LingoComm is a Telegram bot that auto-translates every group message into each member's preferred language — text and voice — powered by Lingo.dev SDK. Live on Render, built to solve a daily frustration.
The Frustration That Started This
I'm a college student in India. My friend circle is... linguistically chaotic.
Swayam types in Hindi. Sakura replies in Japanese. Erwin writes in English. Diego sends voice notes in Spanish. Everyone sort of understands each other, but when someone wants to say something with nuance — jokes, sarcasm, heartfelt stuff — they switch to their native language. That's when everyone else gets lost.
Our group chat had an unspoken ritual:
- Someone sends a message in their language
- Three people copy it
- Three people open Google Translate
- Three people paste, read, forget context, scroll back up
- Someone replies — 40 seconds late — and the conversation has already moved on
I watched this happen every single day. And one evening after losing track of a conversation for the third time in ten minutes, I thought: what if the group chat itself just... translated?

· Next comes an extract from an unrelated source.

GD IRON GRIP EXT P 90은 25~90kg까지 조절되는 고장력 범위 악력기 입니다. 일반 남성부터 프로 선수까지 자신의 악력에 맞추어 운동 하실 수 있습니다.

Not a translation app. Not a browser extension. Not "click to translate." Just — you send a message, and everyone reads it in their own language. Automatically. Instantly. In the same chat thread.
That's LingoComm.
What Does LingoComm Actually Do?
Text translation:
- Someone sends a message in any language
- Bot detects the language, looks up every group member's preferred locale
- Translates the message into all required languages using Lingo.dev SDK
- Posts translations as a threaded reply — clean, contextual, no clutter
Voice translation:
- Reply to any voice/audio message with
/analyze - Bot transcribes speech (Deepgram Nova-2), translates the transcript (Lingo.dev), and generates audio playback in your language (Google TTS WaveNet)
- Interactive buttons: 📝 Original transcript, 🌐 Translated text, 🔊 Listen
User identity:
- Each user sets their preferred language once (
/lang ja,/lang hi, etc.) - Preference follows them across every group the bot is in
- First-time users get auto-detected based on what they type
Production features:
- Per-user cooldown + burst rate limiting
- Code blocks and URLs preserved through translation (placeholder extraction)

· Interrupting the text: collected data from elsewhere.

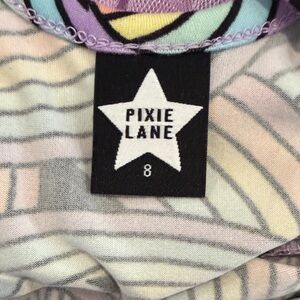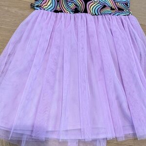 Colorful short sleeve dress by Pixie Lane featuring a vibrant rainbow pattern and purple tulle bottom. Ideal for fun occasions. New with tags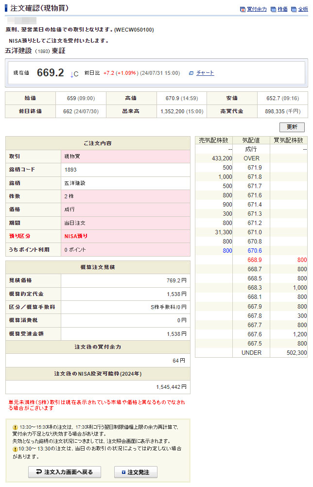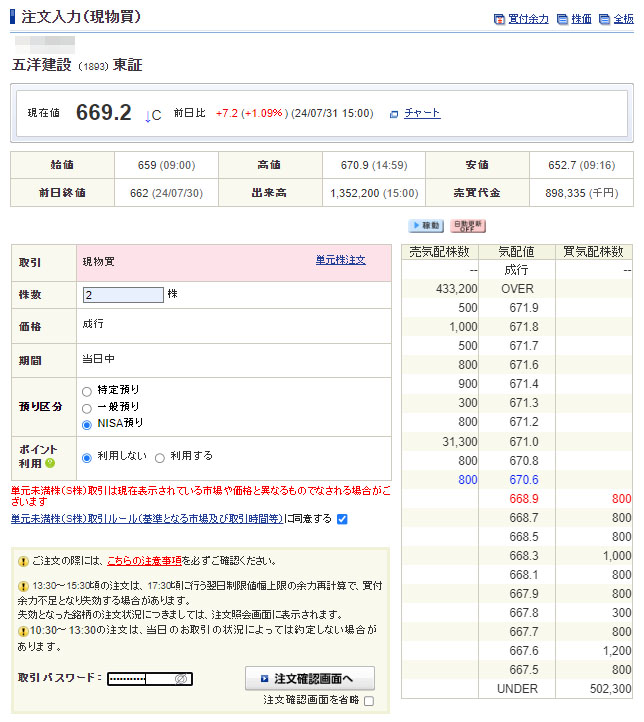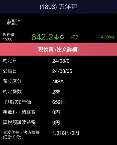 これで「五洋建設」は40株の保有となり全てNISA口座です。平均取得単価は700円を割って698円となりました。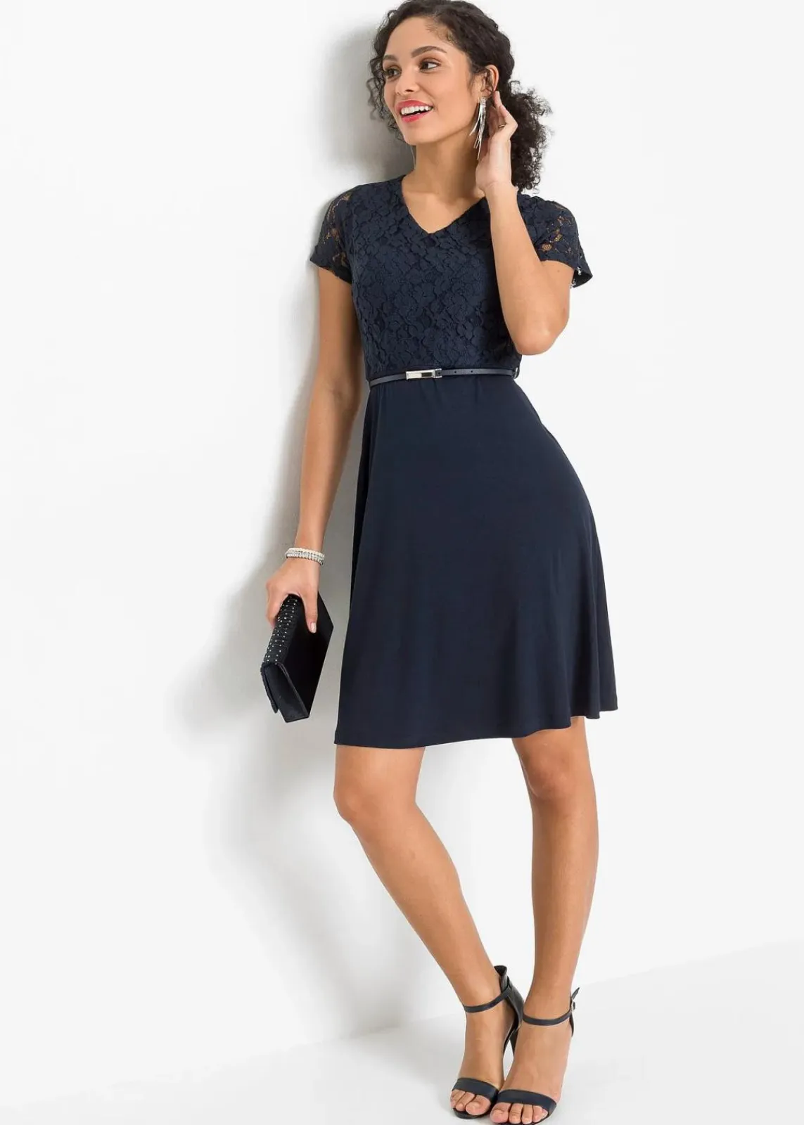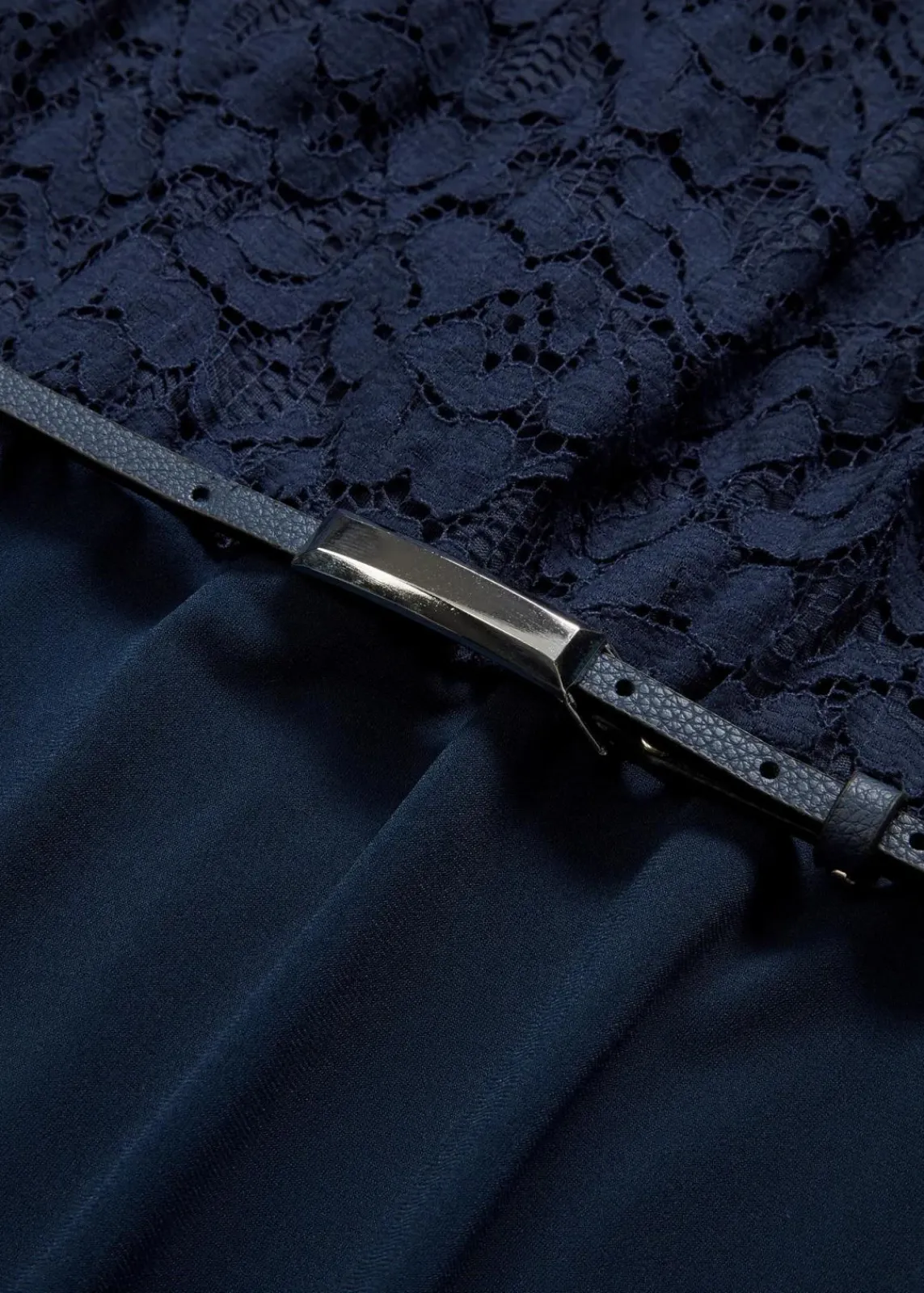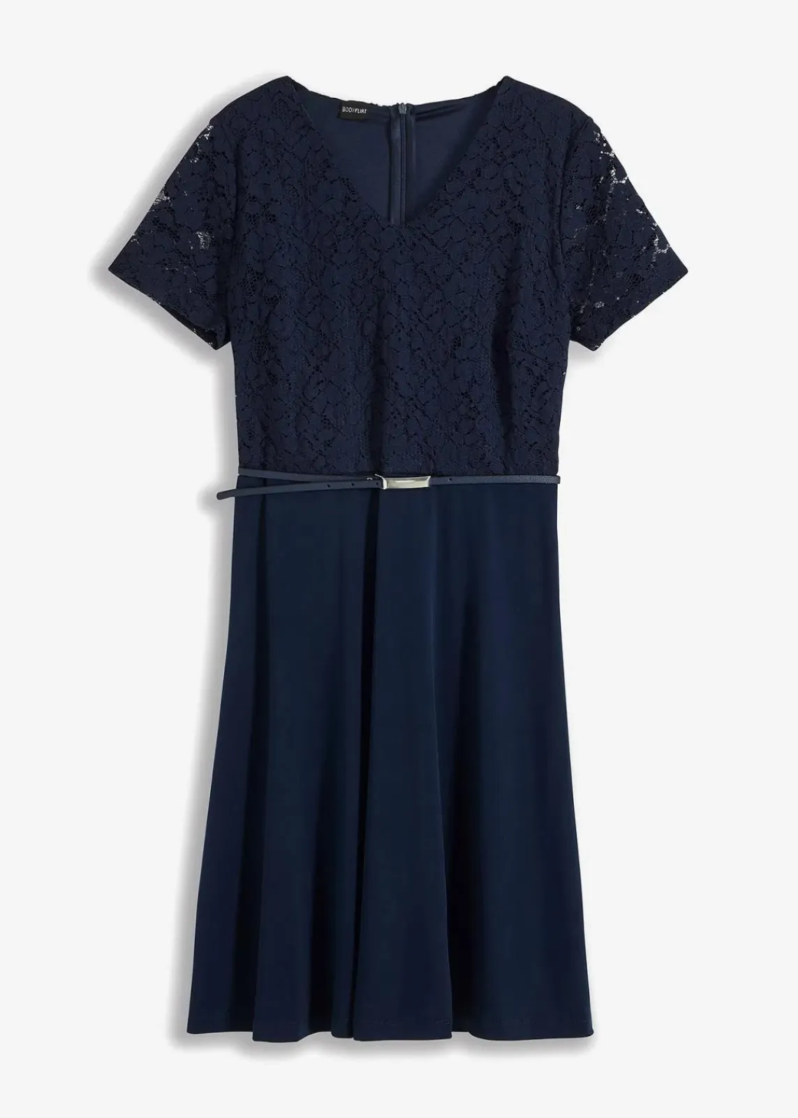 Elegantes Kleid mit Spitze im Oberteil und Gürtel mit Accessoire-Verschluss

- Retry logic with exponential backoff for Telegram API failures
- HTML-safe escaping for all outgoing messages
- Auto-deleting
/langmessages in groups (keeps chat clean)
Architecture: How a Message Flows
The full lifecycle:
- Telegraf receives a message event
- Input guards skip bots, commands, short messages, URL-only/emoji-only content
- Rate limiter applies cooldowns (500ms per-user, 10-message burst window)
- Code/URL preservation — code blocks and links get replaced with placeholders before translation
- Language detection — Unicode script analysis + keyword heuristics (more on this below)
- Target resolution — query MongoDB for all group members, collect distinct locales, exclude source
-
Fan-out translation —
batchLocalizeText()sends one API call to Lingo.dev for all target locales - Threaded reply — translations posted as a reply to the original message
Tech Stack
| Layer | Tool | Why |
|---|---|---|
| Bot framework | Telegraf 4.16 | Event-driven, clean middleware API for Telegram |
| Translation engine | Lingo.dev SDK |
batchLocalizeText() for one-to-many fan-out in a single call |
| Database | MongoDB + Mongoose | Durable user preferences + group membership |
| Speech-to-text | Deepgram Nova-2 | Fast, accurate auto-language-detection STT |
| Text-to-speech | Google Cloud TTS | WaveNet neural voices for natural playback |
| Deployment | Render | Single web service running bot + Express API |
The Hard Part: Language Detection Without External APIs
Here's a decision I made early: don't call an external API just to detect language.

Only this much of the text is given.